The Edmonton Rush won the Champions Cup on June 5th, and I knew then it would be the final time the Rush played at Rexall Place. The writing was on the wall well before Chris Corbeil hoisted the Cup.

When city council negotiated the existing deal with the Oilers Entertainment Group for a new downtown arena, it was the unofficial end of the Rush in Edmonton.

The deal allowed OEG to run the building. They decided who could play in the facility and they had no interest in having the Rush play there. Former mayor Stephen Mandel, the city councilors and city administration did not think about the lacrosse community during negotiations. They were so focused on making a deal with the OEG they didn’t bother ensuring the Rush had a home to play their games.

You will hear a lot of white noise during the next few days about why the Rush left, but none of it will focus on the real reason. They had no place to play long term.

Some will blame owner Bruce Urban. Urban, like Daryl Katz, can be hard to deal with at times, but he always paid his bills. I have openly disagreed with how he marketed the team for years. He and I discussed it on my show many times, but he never begged the city for money. He never made a dollar on the Rush during the past ten seasons, and even though the city treated him differently than the Oilers and Oil Kings, he kept paying his bills.

The city has refused to answer why the Rush never received the same deal regarding money from the ticket tax as the Oilers and Oil Kings. Think about that for a second. Why would the city offer a better deal to one private company, but not another?

If Urban was willing to lose money, that was his prerogative, but the Rush aren’t leaving because of money. They are leaving because the city didn’t think about a home for the Rush and OEG was unwilling to let them play in “their” rink.

If OEG tries to say they wouldn’t have signed the existing deal, because it wouldn’t be cost effective for them if it meant giving up a maximum of 12 dates to the Rush, they are simply not telling the truth, or even worse, plain greedy.
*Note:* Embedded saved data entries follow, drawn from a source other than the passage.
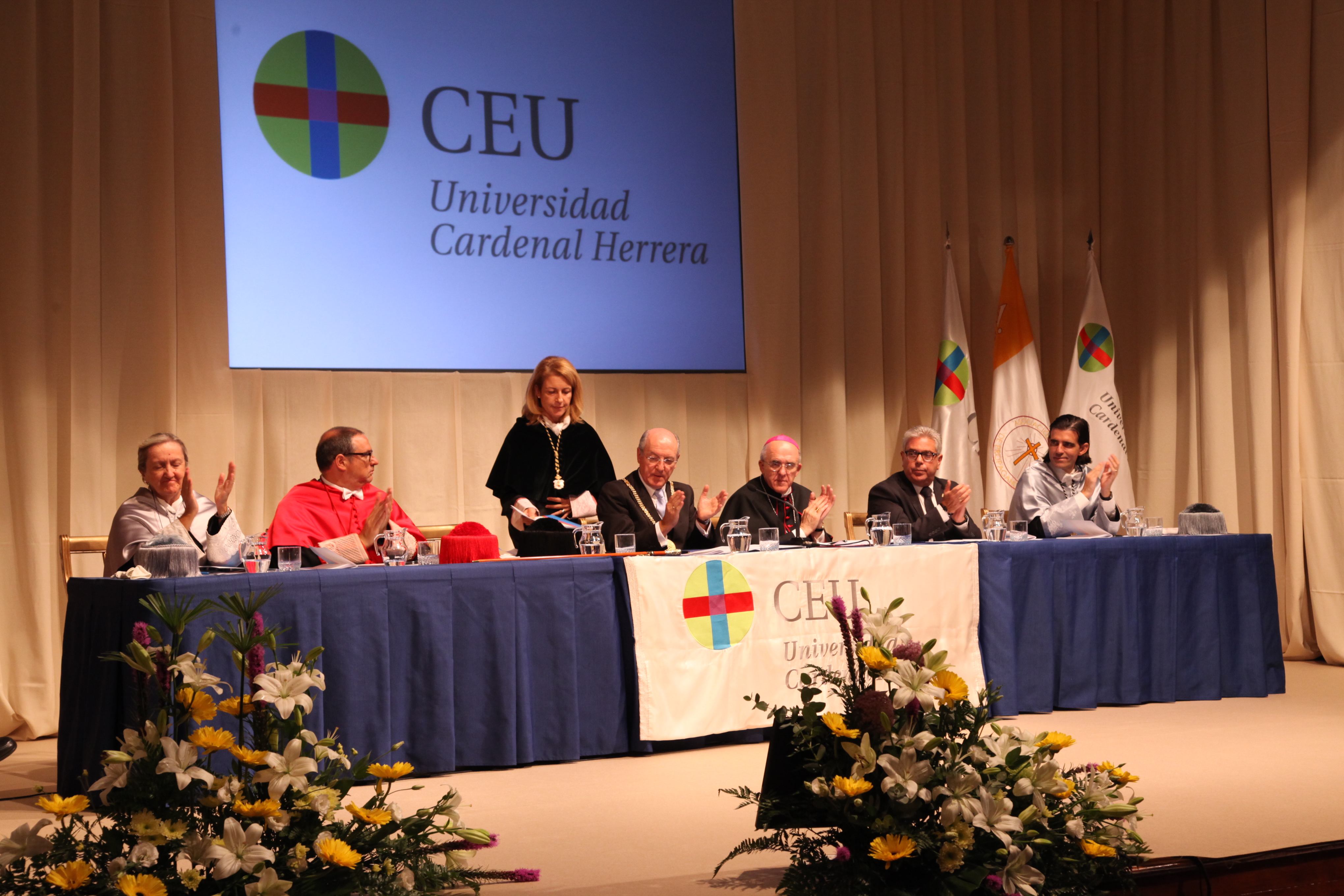 El acto académico ha sido presidido por el Gran Canciller de la Universidad CEU Cardenal Herrera y presidente de la Fundación Universitaria San Pablo-CEU, Carlos Romero, y la rectora de la CEU-UCH. Les han acompañado en la mesa presidencial Monseñor Carlos Osoro; el director general de Universidad, Estudios Superiores y Ciencia de la Conselleria de Educación, Felipe Palau; el secretario General de la CEU-UCH, José Manuel Amiguet; el alcalde de Moncada, Juan José Medina; y la doctora Isabel de Salas, autora de la Lección Inaugural del Curso.
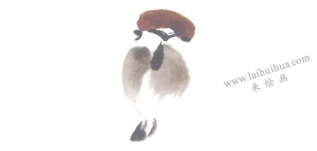 步骤三:赭墨画背,两笔画翅。稍重的墨勾嘴。
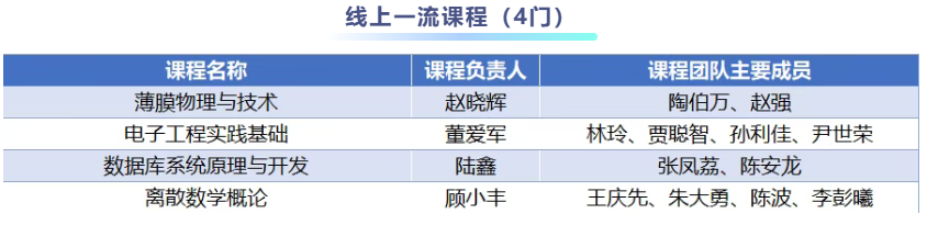此次電子科技大學入選的國家級一流本科課程,包括線上一流課程4門、虛擬仿真實驗教學一流課程4門、線上線下混合式一流課程10門、線下一流課程5門、社會實踐一流課程1門。
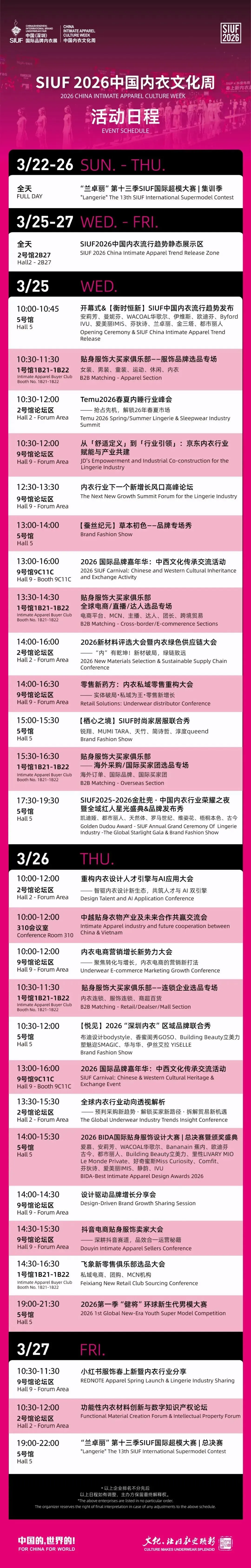 【3月25-27日】SIUF第21届深圳内衣展活动日程详细版
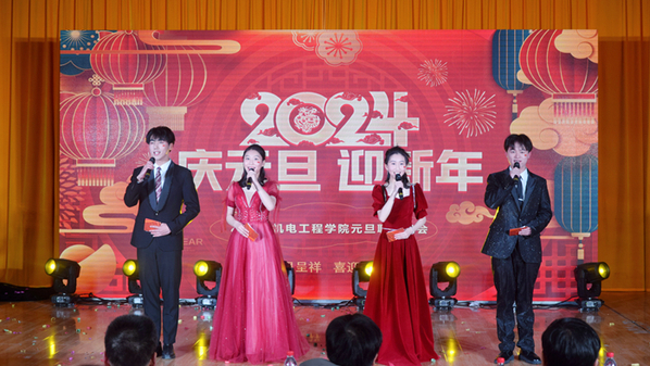 一元复始,万象更新。为庆祝即将到来的2024年元旦佳节,丰富校园文化生活,促进我院学子德、智、体、美、劳全面发展,12月19日晚,机电工程学院在图文信息楼一楼报告厅举办2024年元旦迎新晚会,本次晚会采取线上直播与线下观看的方式同步进行。机电工程学院党总支书记、院长刘磊,党总支副书记徐英武,副院长吴福贵及全体师生共同观看此次晚会。
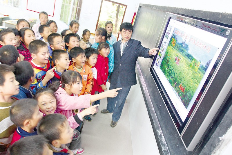 近月来,曾都区洛阳镇高小在全区率先实现教育信息 “班班通”。该校多渠道筹集资金,建成了教师电子备课室,实现宽带有线接入,终端教室实现无线接入,为偏远山区孩子提供了优质的教育资源。(本报记者 杨闻名 通讯员 胡兵 摄)

The Calgary Flames have managed the Saddledome for years, similar to the deal OEG has with the new arena. While the Flames managed it, the Rougnecks were a tenant up until before the 2012 season when the Flames purchased the Roughnecks. Before owing the NLL team, the Flames managed the building and thrived doing so, even though lacrosse played there. I don’t buy the theory the same couldn’t have happened here.

When City council and OEG signed their agreement they boasted the new rink would benefit all Edmontonians, but if that was the case they would have welcomed the Rush with open arms. That never happened.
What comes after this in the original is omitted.